START Recorded data

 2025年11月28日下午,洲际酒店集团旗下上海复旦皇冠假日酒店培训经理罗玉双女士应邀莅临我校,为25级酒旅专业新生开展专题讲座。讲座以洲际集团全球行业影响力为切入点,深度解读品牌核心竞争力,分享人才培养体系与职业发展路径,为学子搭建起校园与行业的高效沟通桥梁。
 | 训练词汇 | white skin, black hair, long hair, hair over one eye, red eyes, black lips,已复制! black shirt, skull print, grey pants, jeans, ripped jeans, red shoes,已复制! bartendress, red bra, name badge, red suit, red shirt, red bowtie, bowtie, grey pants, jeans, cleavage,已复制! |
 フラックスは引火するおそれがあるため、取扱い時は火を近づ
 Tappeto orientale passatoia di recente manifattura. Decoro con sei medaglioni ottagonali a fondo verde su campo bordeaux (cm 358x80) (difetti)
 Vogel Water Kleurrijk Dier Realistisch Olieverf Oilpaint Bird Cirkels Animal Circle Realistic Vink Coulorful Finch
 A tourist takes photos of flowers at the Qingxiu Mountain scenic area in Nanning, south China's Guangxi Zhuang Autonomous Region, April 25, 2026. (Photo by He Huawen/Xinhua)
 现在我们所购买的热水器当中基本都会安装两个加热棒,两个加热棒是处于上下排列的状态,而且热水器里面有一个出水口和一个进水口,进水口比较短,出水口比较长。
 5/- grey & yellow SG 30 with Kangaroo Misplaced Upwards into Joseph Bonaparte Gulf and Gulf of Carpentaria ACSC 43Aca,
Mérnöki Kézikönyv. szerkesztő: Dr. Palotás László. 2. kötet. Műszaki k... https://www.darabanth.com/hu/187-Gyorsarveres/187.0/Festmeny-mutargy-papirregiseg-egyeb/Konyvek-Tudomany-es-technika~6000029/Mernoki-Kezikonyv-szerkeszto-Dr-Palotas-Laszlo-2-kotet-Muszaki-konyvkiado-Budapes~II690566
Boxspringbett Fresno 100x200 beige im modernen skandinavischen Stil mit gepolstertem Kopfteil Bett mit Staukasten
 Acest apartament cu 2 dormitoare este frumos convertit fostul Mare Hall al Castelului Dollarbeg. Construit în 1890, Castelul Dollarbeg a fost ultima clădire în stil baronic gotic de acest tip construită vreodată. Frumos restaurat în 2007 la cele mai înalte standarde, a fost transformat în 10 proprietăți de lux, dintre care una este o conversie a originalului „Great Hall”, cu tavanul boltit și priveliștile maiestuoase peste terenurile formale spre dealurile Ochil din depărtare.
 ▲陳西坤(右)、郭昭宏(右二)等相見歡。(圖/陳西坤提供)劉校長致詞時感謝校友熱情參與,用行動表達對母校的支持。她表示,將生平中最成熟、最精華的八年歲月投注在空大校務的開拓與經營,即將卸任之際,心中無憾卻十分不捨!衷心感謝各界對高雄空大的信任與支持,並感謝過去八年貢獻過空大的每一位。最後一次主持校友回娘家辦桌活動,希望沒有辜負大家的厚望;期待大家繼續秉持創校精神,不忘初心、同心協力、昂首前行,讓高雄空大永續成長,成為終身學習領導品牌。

END Recorded data

■ Task instructions
Transcribe all entries word for word.

■ Solved exercise
 2025年11月28日下午,洲际酒店集团旗下上海复旦皇冠假日酒店培训经理罗玉双女士应邀莅临我校,为25级酒旅专业新生开展专题讲座。讲座以洲际集团全球行业影响力为切入点,深度解读品牌核心竞争力,分享人才培养体系与职业发展路径,为学子搭建起校园与行业的高效沟通桥梁。
 | 训练词汇 | white skin, black hair, long hair, hair over one eye, red eyes, black lips,已复制! black shirt, skull print, grey pants, jeans, ripped jeans, red shoes,已复制! bartendress, red bra, name badge, red suit, red shirt, red bowtie, bowtie, grey pants, jeans, cleavage,已复制! |
 フラックスは引火するおそれがあるため、取扱い時は火を近づ
 Tappeto orientale passatoia di recente manifattura. Decoro con sei medaglioni ottagonali a fondo verde su campo bordeaux (cm 358x80) (difetti)
 Vogel Water Kleurrijk Dier Realistisch Olieverf Oilpaint Bird Cirkels Animal Circle Realistic Vink Coulorful Finch
 A tourist takes photos of flowers at the Qingxiu Mountain scenic area in Nanning, south China's Guangxi Zhuang Autonomous Region, April 25, 2026. (Photo by He Huawen/Xinhua)
 现在我们所购买的热水器当中基本都会安装两个加热棒,两个加热棒是处于上下排列的状态,而且热水器里面有一个出水口和一个进水口,进水口比较短,出水口比较长。
 5/- grey & yellow SG 30 with Kangaroo Misplaced Upwards into Joseph Bonaparte Gulf and Gulf of Carpentaria ACSC 43Aca,
Mérnöki Kézikönyv. szerkesztő: Dr. Palotás László. 2. kötet. Műszaki k... https://www.darabanth.com/hu/187-Gyorsarveres/187.0/Festmeny-mutargy-papirregiseg-egyeb/Konyvek-Tudomany-es-technika~6000029/Mernoki-Kezikonyv-szerkeszto-Dr-Palotas-Laszlo-2-kotet-Muszaki-konyvkiado-Budapes~II690566
Boxspringbett Fresno 100x200 beige im modernen skandinavischen Stil mit gepolstertem Kopfteil Bett mit Staukasten
 Acest apartament cu 2 dormitoare este frumos convertit fostul Mare Hall al Castelului Dollarbeg. Construit în 1890, Castelul Dollarbeg a fost ultima clădire în stil baronic gotic de acest tip construită vreodată. Frumos restaurat în 2007 la cele mai înalte standarde, a fost transformat în 10 proprietăți de lux, dintre care una este o conversie a originalului „Great Hall”, cu tavanul boltit și priveliștile maiestuoase peste terenurile formale spre dealurile Ochil din depărtare.
 ▲陳西坤(右)、郭昭宏(右二)等相見歡。(圖/陳西坤提供)劉校長致詞時感謝校友熱情參與,用行動表達對母校的支持。她表示,將生平中最成熟、最精華的八年歲月投注在空大校務的開拓與經營,即將卸任之際,心中無憾卻十分不捨!衷心感謝各界對高雄空大的信任與支持,並感謝過去八年貢獻過空大的每一位。最後一次主持校友回娘家辦桌活動,希望沒有辜負大家的厚望;期待大家繼續秉持創校精神,不忘初心、同心協力、昂首前行,讓高雄空大永續成長,成為終身學習領導品牌。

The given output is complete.